Alat, a unit of the powerful Saudi sovereign wealth fund, said early on Wednesday that it would invest in a Lenovo convertible bond. In return, the Chinese computer-maker pledged to open a manufacturing facility and establish a regional headquarters in Saudi Arabia. The kingdom said it expects its investment to create 15,000 direct jobs locally, and add $10 billion to gross domestic product by 2030.

Attracting foreign investment has become a key focus for the country under Crown Prince Mohammed Bin Salman and his plan to diversify the oil-dependent economy. It’s also part of an unfolding rivalry with the neighboring United Arab Emirates to dominate the tech industry in the region, a race that also includes data centers and artificial intelligence.

Read More: Saudi Arabia, UAE Rush to Build Data Centers in Race to Win AI

Saudi Arabia’s $1 trillion Public Investment Fund, which has become a prominent tech investor in recent years, is increasingly using its heft to require foreign companies to invest in Saudi Arabia in return.

With $100 billion to spend, the PIF’s Alat unit looks set to become a powerful force to further these goals. It can offer money to firms willing to help its ambitions to make Saudi Arabia a powerhouse in electronics manufacturing. Earlier this year, it announced a string of deals, including partnerships with SoftBank Group Corp. and a Chinese surveillance equipment maker to set up local manufacturing facilities.

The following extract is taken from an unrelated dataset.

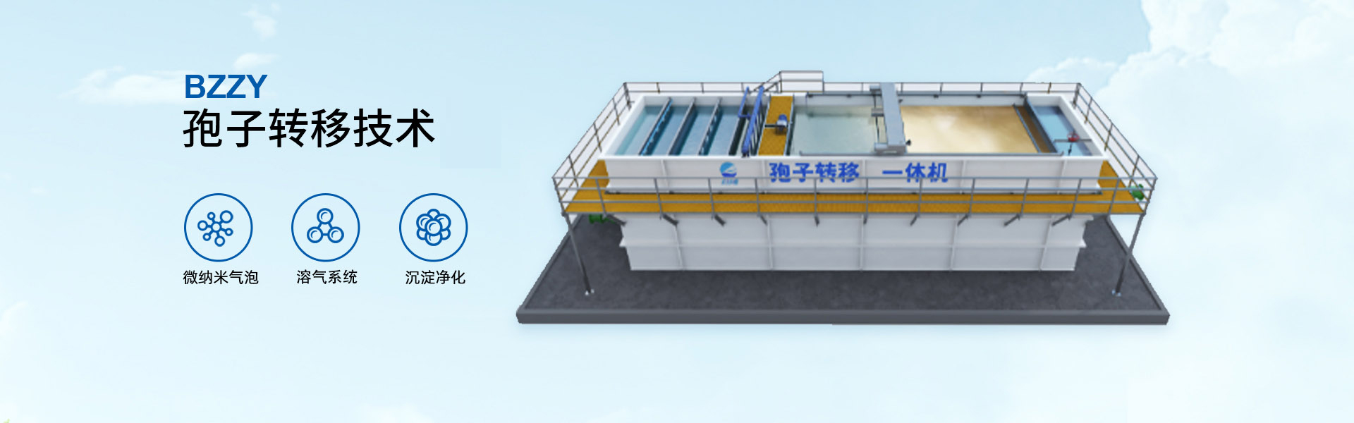 孢子轉移系統主要包括設備主體、孢子發生系統、加藥系統、浮渣收集及排污系統、沉泥抽吸及排污系統、自控系統等。孢子發生系統產生的微納米氣泡具有巨大的比表面積,通過釋放過程中產生的超強攪拌作用,與進水和定制化藥劑在設備主體中發生反應,形成的浮渣經過刮渣機刮除,沉泥經過底部吸泥機清除。通過物理、化學等學科的交叉應用,有效去除水中的總磷、懸浮物等污染物,同時實現水體復氧。

The UAE has struck its own deals, winning an investment from Microsoft Corp. for state-backed Abu Dhabi AI startup G42 last month.

Read More: Middle East’s Emerging AI Powerhouse G42 Chooses US Over China

Saudi cash has already been put to work disrupting in other industries.

A deal to give BlackRock Inc. $5 billion earlier this year was predicated on the US asset manager building a Riyadh-based team to manage it and invest it in the Middle East. An earlier investment in electric carmaker Lucid Group Inc. led to the company opening a plant on Saudi Arabia’s west coast.